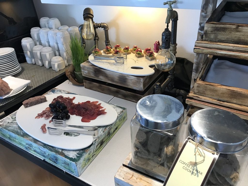 Schade war, dass die Lounge zum Afternoon Tea und zur Happy Hour definitiv zu wenig Speisen aufgestellt hatte. Wir haben ganze fünf Anläufe gebraucht, um uns zwei bis drei Kleinigkeiten vom Buffet zu holen. Zu den „Essenszeiten“ war die Lounge total überlaufen und das Buffet wurde im Minutentakt geplündert. So etwas Extremes haben wir in einer Hiltonlounge noch nicht erlebt. Trotzdem war das Personal stets freundlich und bemüht so schnell wie möglich das Buffet aufzufüllen.
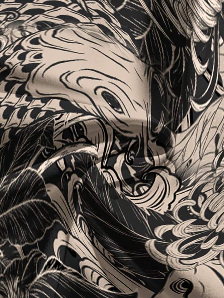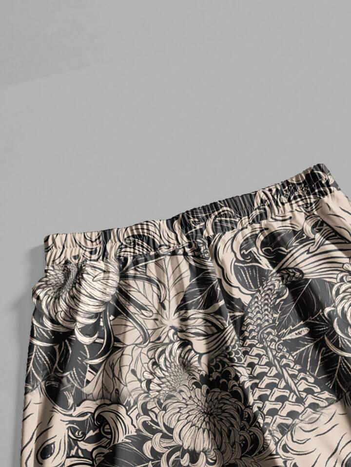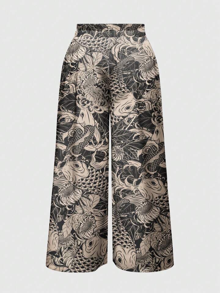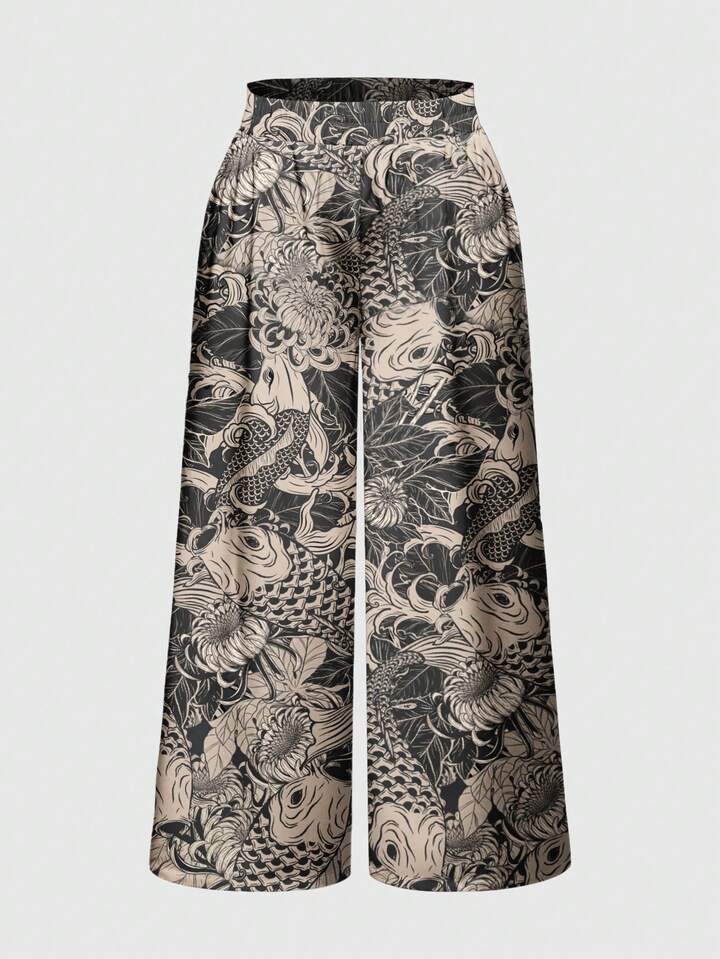 Grunge Punk Pantalones anchos y sueltos de talla grande con estampado de peces de pintura de tinta china
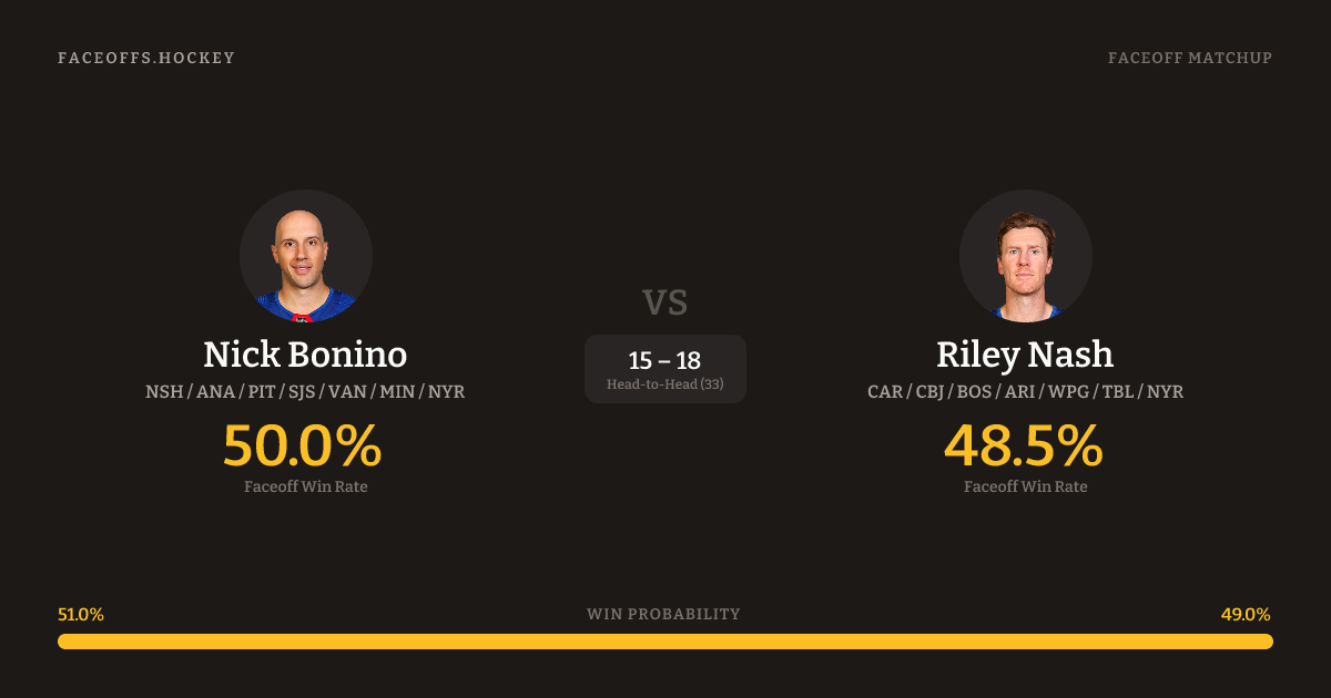Nick Bonino vs Riley Nash — Faceoff Head-to-Head

Exercise → Transcribe the whole listing exactly. Pictures stay out of your copy.

Task response →
 Schade war, dass die Lounge zum Afternoon Tea und zur Happy Hour definitiv zu wenig Speisen aufgestellt hatte. Wir haben ganze fünf Anläufe gebraucht, um uns zwei bis drei Kleinigkeiten vom Buffet zu holen. Zu den „Essenszeiten“ war die Lounge total überlaufen und das Buffet wurde im Minutentakt geplündert. So etwas Extremes haben wir in einer Hiltonlounge noch nicht erlebt. Trotzdem war das Personal stets freundlich und bemüht so schnell wie möglich das Buffet aufzufüllen.
 Grunge Punk Pantalones anchos y sueltos de talla grande con estampado de peces de pintura de tinta china
Nick Bonino vs Riley Nash — Faceoff Head-to-Head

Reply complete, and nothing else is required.